Transcript
“What if your baby decides to be feet down or bum down and not in the normal sephalic or head down position? Well, most babies will spend some of their time in the breech position with their bum or their feet down, but usually by 32 to 36 weeks, babies will have made that transition to head down and they’ll usually start to grow big enough that they won’t switch around or somersault any longer after about the 36 week mark. So you’ll notice when you go to the doctor in the third trimester, which is that latter third of pregnancy, that the doctor will start to record whether your baby is head down or maybe transverse, which means sideways or maybe breech, which means bum down or feet down and head up. And when the baby is in the position with the head up, then we need to start to think about delivery.

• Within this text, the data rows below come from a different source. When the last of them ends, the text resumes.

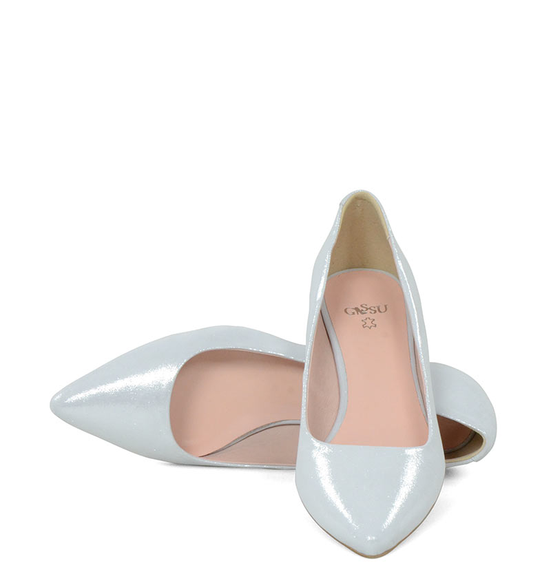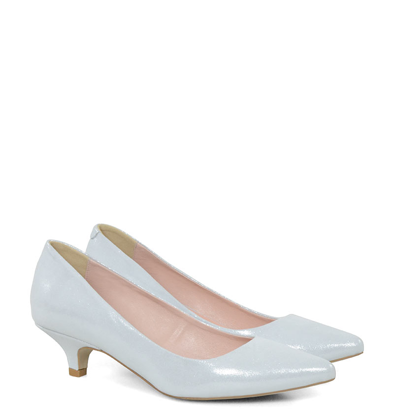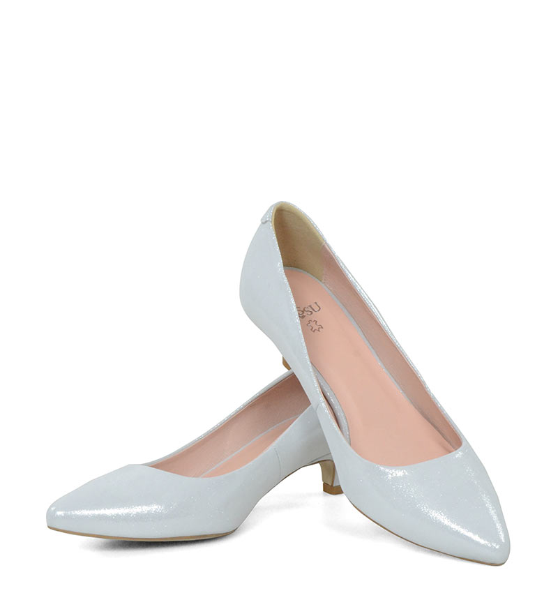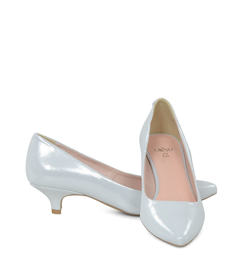 Jasno srebrne niskie szpilki wykonywane są ręcznie, dzięki czemu są dopracowane w każdym detalu. Ręczne wykonanie pozwala na dowolną zmianę koloru i rodzaju skóry na życzenie klienta.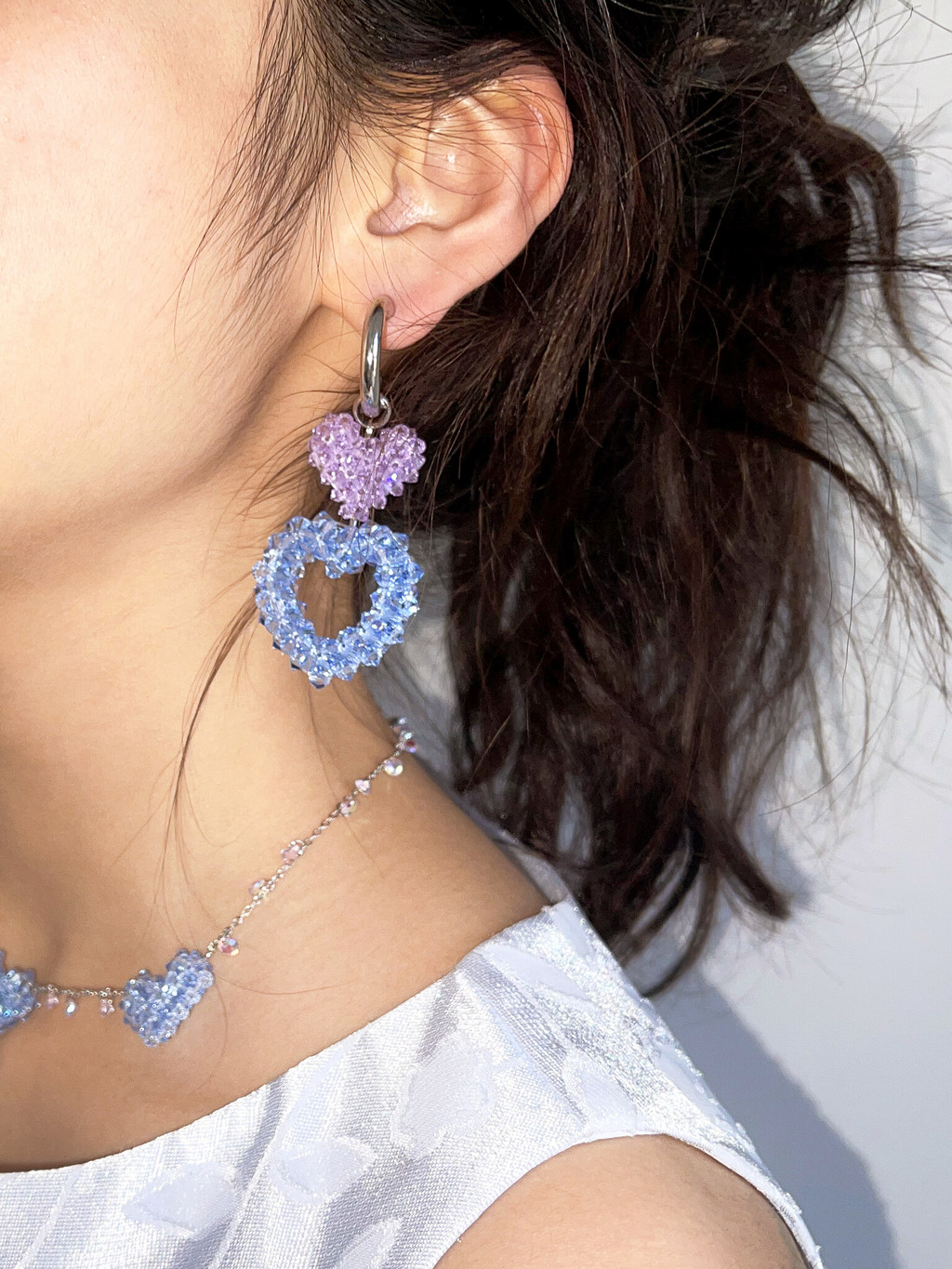 통통한 작은 하트 밑으로 커다란 오픈 하트를 달아 포인트를 준 이어링입니다.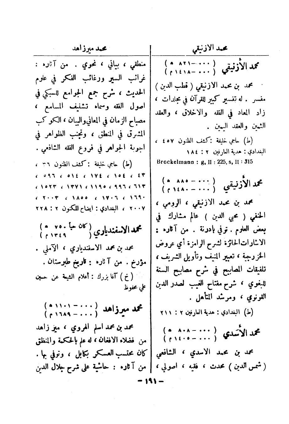 (ط) حاجي خليفة: كشف الظنون 36، 43، 154، 174، 514، 596، 613، 996، 1195، 1371، 1523، 1690، 1706، 1855، 2003، 2007، البغدادي: ايضاح المكنون 2: 228 محمد الاسفندياري (كان حيا 750 هـ) (1349 م)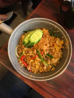 星期六難得返工,今日班同事話要行去花園街嘅永珍食越南野,原來星期六嘅菜單係要加$6 ,午餐嘅選擇都係以湯河、炒粉麵為主。似乎都係平日過嚟食比較經濟實惠。今日試咗泰式炒飯,食落去辣辣地,加咗少少扎肉,雞蛋等配料落去炒,都算香口。而且炒飯能做到粒粒乾身,而且又唔會有太過油嘅感覺,辣辣地的感覺幾刺激。朋友嘅咖喱牛肉飯都唔錯,不過略嫌牛肉比生粉醃得太犀利,而且食唔到任何肉味。分量都係夠嘅,所以男仔來食都唔需要擔心。…Read More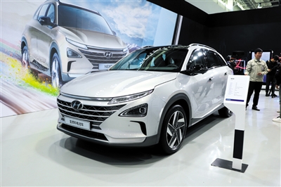 去年10月,現(xiàn)代汽車就在中國(guó)展出了氫燃料電池汽車現(xiàn)代NEXO。新京報(bào)記者 孫曉萌 攝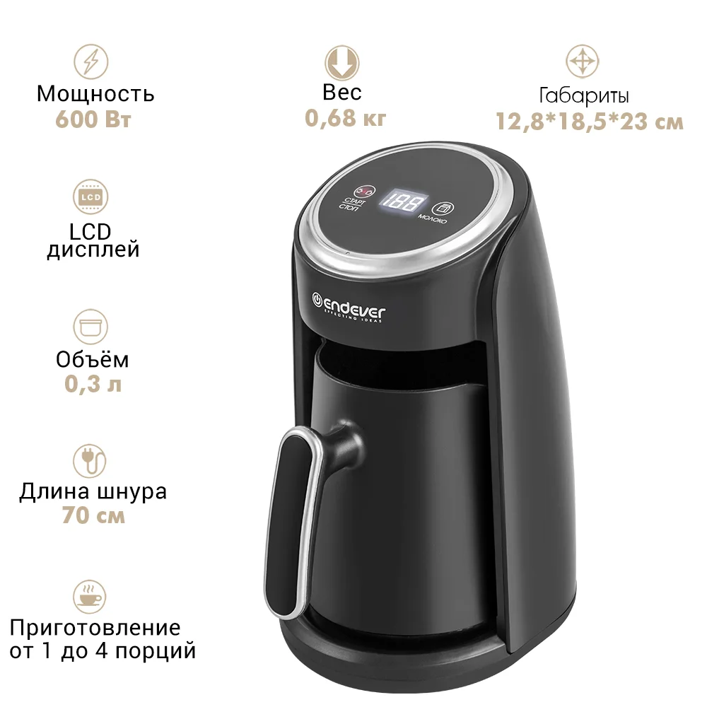 Для молотого кофе, Нагревательный элемент из нержавеющей стали, LCD дисплей, Можно использовать для кипячения воды и подогрева молока, приготовления какао или горячего шоколада, Двухсторонняя турка для удобного налива напитка в чашку, подходит как для правой, так и для левой руки, Приготовление от 1 до 4 порций, Автоматическое приготовление кофе |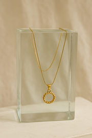 The Twisted Golden Loop Pendant is a minimalist classic — featuring a sleek open circular pendant with a subtle twisted rope texture. Hanging elegantly from a fine gold chain, this piece is clean, timeless, and versatile, making it a must-have for both office wear and casual elegance.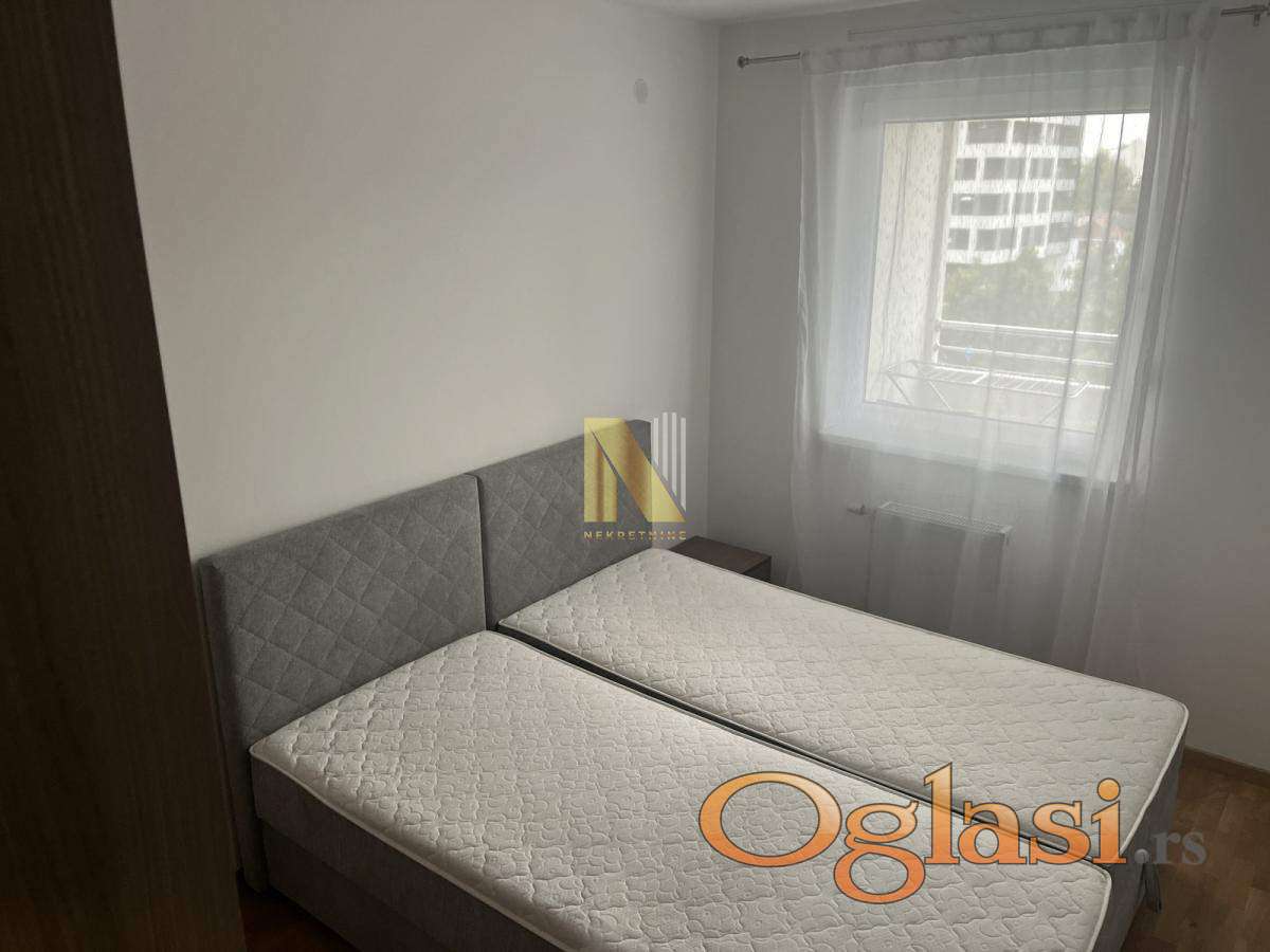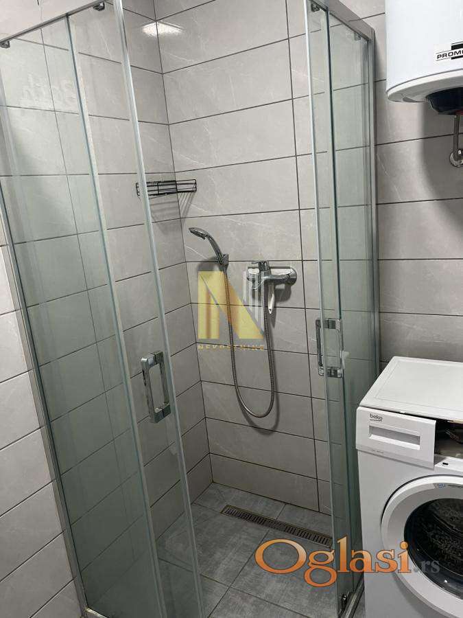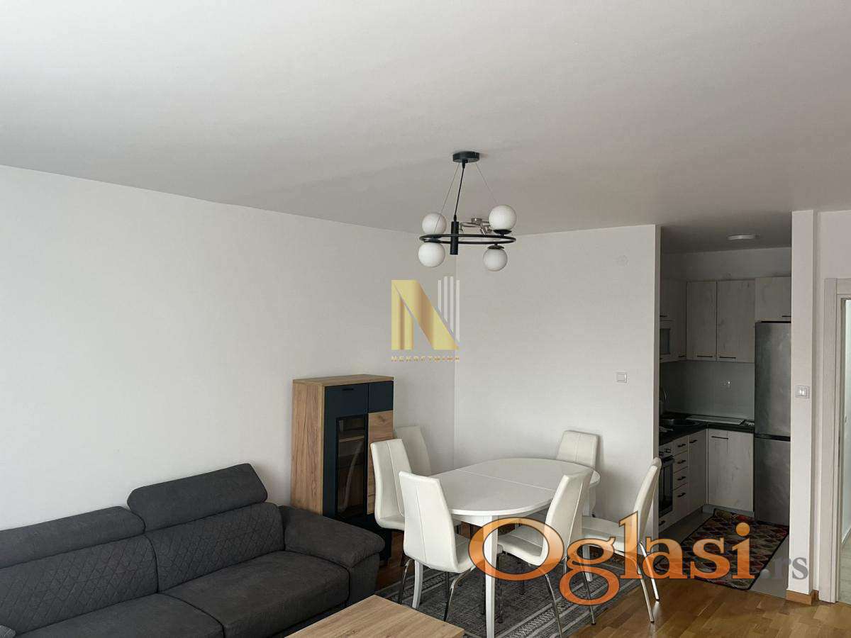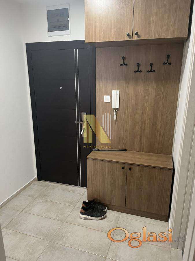 Izdaje se dvosoban nov namešten stan od 48 kvadratnih metara u Petrovaradinu na trećem spratu zgrade sa liftom izgrađene 2021. godine.

And is the baby going to deliver in that breech position? Or are you going to need a C-section to deliver that baby? So we don’t worry too much until 36 or 37 weeks as we get closer to delivery, but at full term, which is around the 37 week Mark, if the baby’s still in a breech position, your Dr. May talk to you about what’s called an external cephalic version. And that’s where they gently attempt to move the baby from head up to head down, to get that baby back in position so that it can have a head down. So phallic vaginal delivery, often and external cephalic version won’t work, and the baby will stay in a breech position all the way till your due date. And some of the things you need to be thinking about in that situation is for example, if the water breaks and the feet or bum are down, sometimes the umbilical cord can come down and that would be an emergency because if that umbilical cord comes out before the baby, it can be compressed in the birth canal and it can cut off the oxygen supply to the baby.
That’s why being in a breech position makes it a little bit higher risk and more important to be monitoring for things like your water breaking or going into preterm labor or having contractions, because you’d want to get to the hospital sooner. If you were in a breach, if your baby was in a breach presentation. Now, the other thing to think about is, although some doctors will do breech vaginal deliveries, there is a lot of indication that sometimes that can be more dangerous for the baby. Um, sometimes it’s more dangerous because the head is the biggest part and if the bum and the legs and the, the abdomen and the thorax all come out, but the head is still left behind. It can sometimes lead to a reduction in oxygen for the baby because of the umbilical cord, which is already out the birth canal is getting compressed.
So there are only certain indications and certain, very experienced healthcare providers who are trained in vaginal breech deliveries, who would be willing to do a vaginal breech delivery. And if you’re interested in a vaginal breech delivery, it’s really important to have that lengthy and very cautious conversation with your healthcare provider about the pros and the cons of a vaginal breech delivery versus a cesarean section for a breech delivery. And those are the kinds of conversations that you will want to have well before you’re in the labor and delivery room, but all in all, having a baby in a breech position does not necessarily mean that there’s anything wrong with the baby or that anything is going to go wrong with your labor and delivery. It just means that we need to be a little more cautious about how that baby is going to be delivered and what you and your healthcare provider decide is best.”